In der Tat wird in Hannelore Baiers Buch (Die Deutschen in Rumänien 1944-1945, Honterus Verlag, Hermannstadt 2005) deutlich, dass Stalin noch vor Kriegsende befahl, alle Deutschen zu deportieren. Es gab also bereits eine vorherige Entscheidung?
Ja. Es gab eine Zeit, in der man davon sprach, dass die Russen damals nicht präzisierten, dass nur Volksdeutsche zum „Wiederaufbau“, wie man es nannte, geschickt werden sollten. Aber ich habe auch Dokumente gesehen, woraus ersichtlich war, dass das nicht stimmt. Es gab einen rumänischen Politiker, dessen Name ich nicht mehr weiß, welcher sich an die sowjetischen Behörden gewandt hatte und aufzeigte, dass Rumäniens Wirtschaft leiden wird, wenn dies der Fall sein wird.
Es gibt eine Broschüre über die Intervention des Königs Michael von Rumänien in diesem Sinne, in der er versuchte, die Deportation der Deutschen zu verhindern, aus den gleichen Gründen. Ich habe diese Broschüre auf Rumänisch.

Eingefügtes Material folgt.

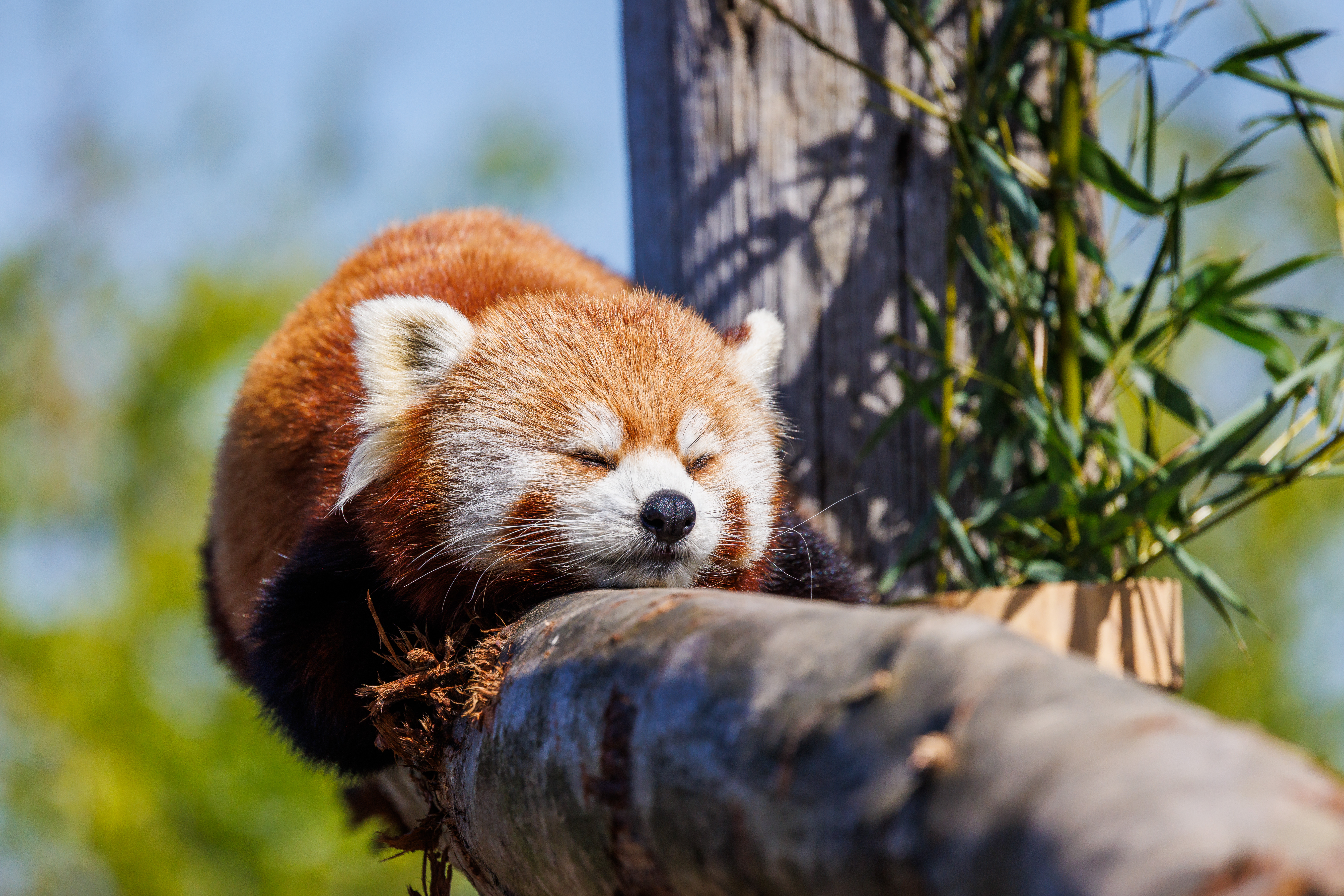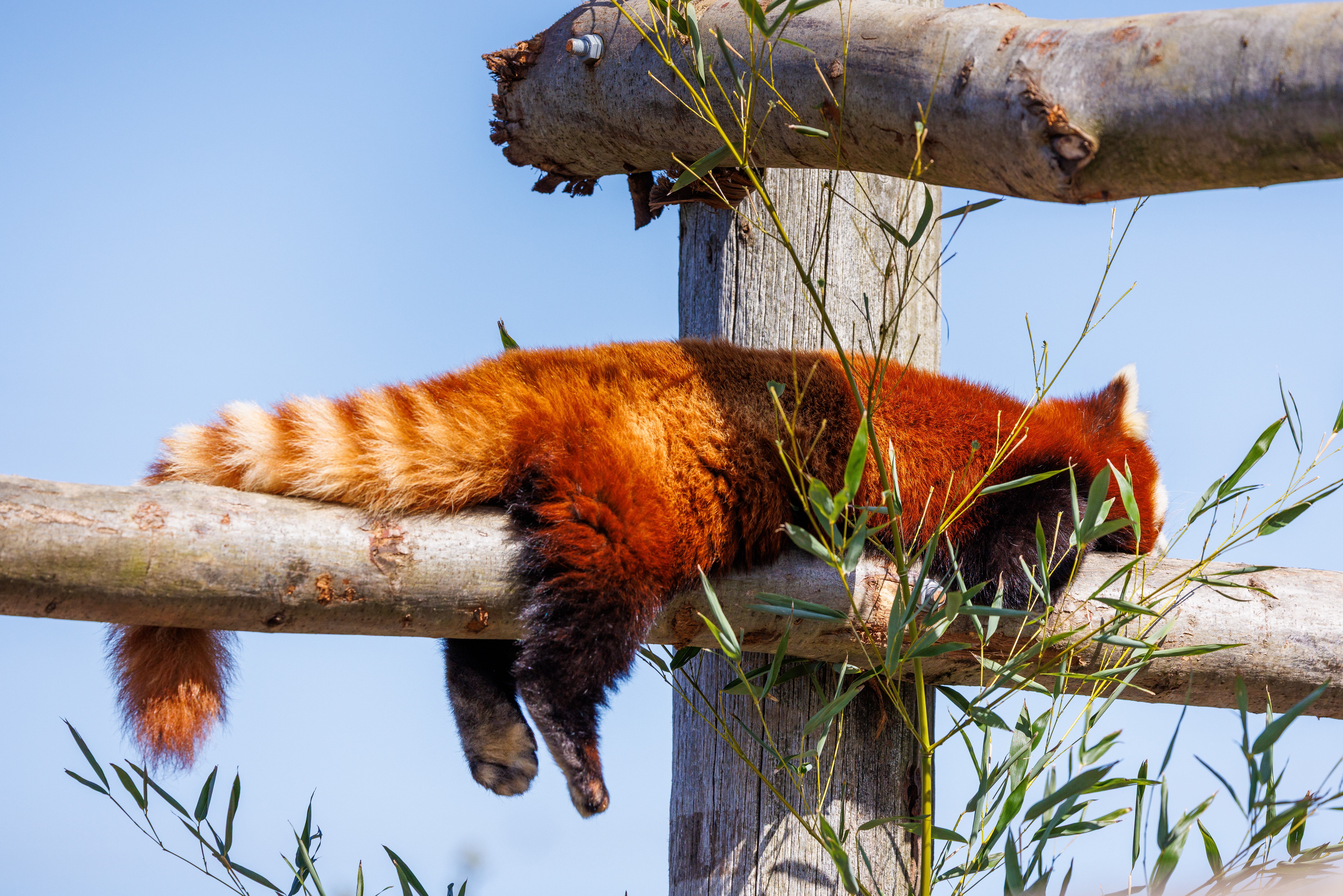 Ariel is six years old and, like all red pandas, she is a big fan of a slow, gentle day. Most of her time is spent doing exactly what red pandas do best: eating bamboo, climbing to find the best viewpoint, grooming that lovely thick fur coat and enjoying a good rest in the sunshine. She’s made herself at home quickly in the red panda exhibit, getting to know every branch, shelter and platform. If you catch her at the right moment you will see her picking her way along the climbing areas, or stretched out in a cosy spot having a nap.
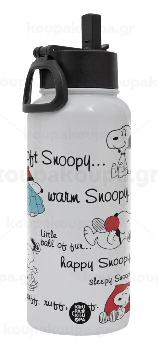 Snoopy manual, Metal mug thermo White with Straw and Spout Lid (Stainless steel), double wall, 950ml
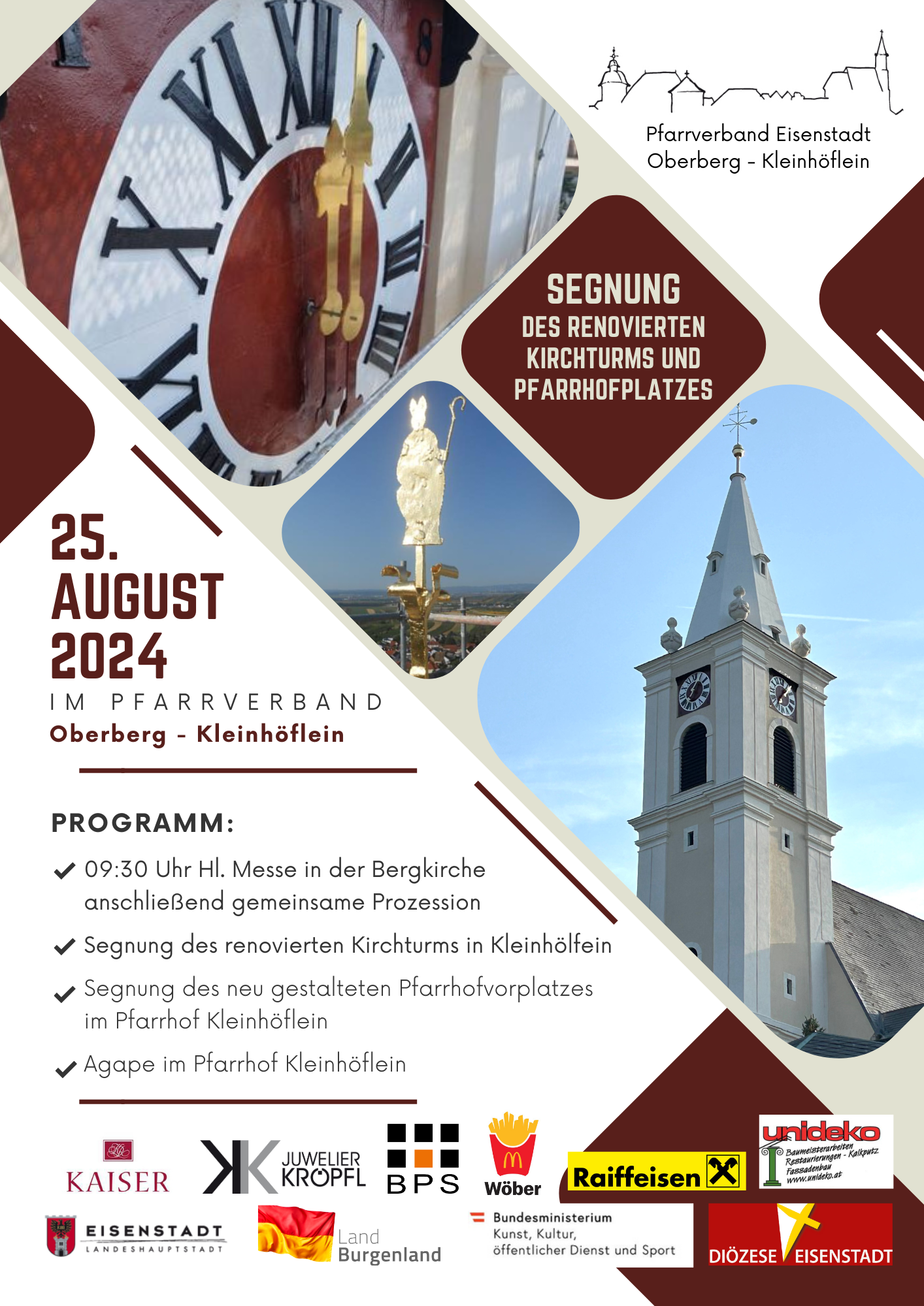 Einladung - Segnung des renovierten Kirchturms und des Pfarrhofvorplatzes 25.8.2024

Ja? Die kenne ich leider nicht. Aber noch etwas Interessantes: Meine Mutter, eine wohlhabende Frau, brachte meine beiden Schwestern im Anaheim zur Welt, einem Geburtshilfekrankenhaus in Temeswar. Das Anaheim, auf dem Gebiet der ehemaligen Firma Enel (Stromlieferanten), wenn man in Temeswar vom Lahovari-Platz mit der Straßenbahn nach Fratelia (Stadtteil) fährt, so ist es die erste Haltestelle auf der rechten Seite. Genau dort gab es eine sehr exklusive Geburtsklinik, die von katholischen Nonnen geleitet wurde, wo meine Mutter meine beiden Schwestern zur Welt brachte. Und als meine Mutter am 21. Dezember 1945 nach Rumänien kam, wusste sie nicht, dass sie in Wirklichkeit eine arme Frau war. Sie brachte mich direkt zu den Nonnen, um mich von den Ärzten untersuchen zu lassen. Und niemand hat ihr gesagt, dass sie nichts mehr besitzt und nicht mehr ist, wer sie einst war. Zuerst ist sie dann so schnell wie möglich nach Warjasch gefahren, wo meine Schwestern waren. Während dieser ganzen Zeit gab es keine Kommunikation, meine Mutter wusste nicht, was zu Hause los war. Mein Vater war damals kein Mann mit großem Verantwortungsbewusstsein und das war ihr bekannt. Seine Stärke war sein Vermögen und plötzlich, über Nacht, war der Reichtum verschwunden und er war ein Nichts. Das war grausam und traurig. Mutter schaffte es, mit Warjasch zu telefonieren. Privat gab es kein Telefon, aber es gab einen Anruf bei der Post und meine Großmutter erzählte mir, dass das Mädchen von der Post kam und sagte: „Eine Frau aus Temeswar kommt.“ Meine Großmutter konnte nicht wissen, dass es sich um ihre Tochter handelte, und die Überraschung war sehr groß, als meine Mutter mit dem Zug ankam. Sie wussten nicht, ob sie noch lebte, sie wussten nichts von ihr in Russland. Und jetzt kommt eine Episode, die mir auch oft erzählt wurde. Natürlich ging die Nachricht ihrer Ankunft durch alle deutschen Banater Dörfer, dass ein Transport aus Russland angekommen war und dass Eva Ochsenfeld aus Warjasch dabei war, die in Enachievo gewesen war. Es kamen Leute von überall vorbei, Dutzende von Menschen, um herauszufinden, ob sie etwas über das Schicksal ihrer Angehörigen wusste. Sie sagte, dass es auch in ihrem Lager Tote gegeben hat und sie so manchem das mitteilen musste.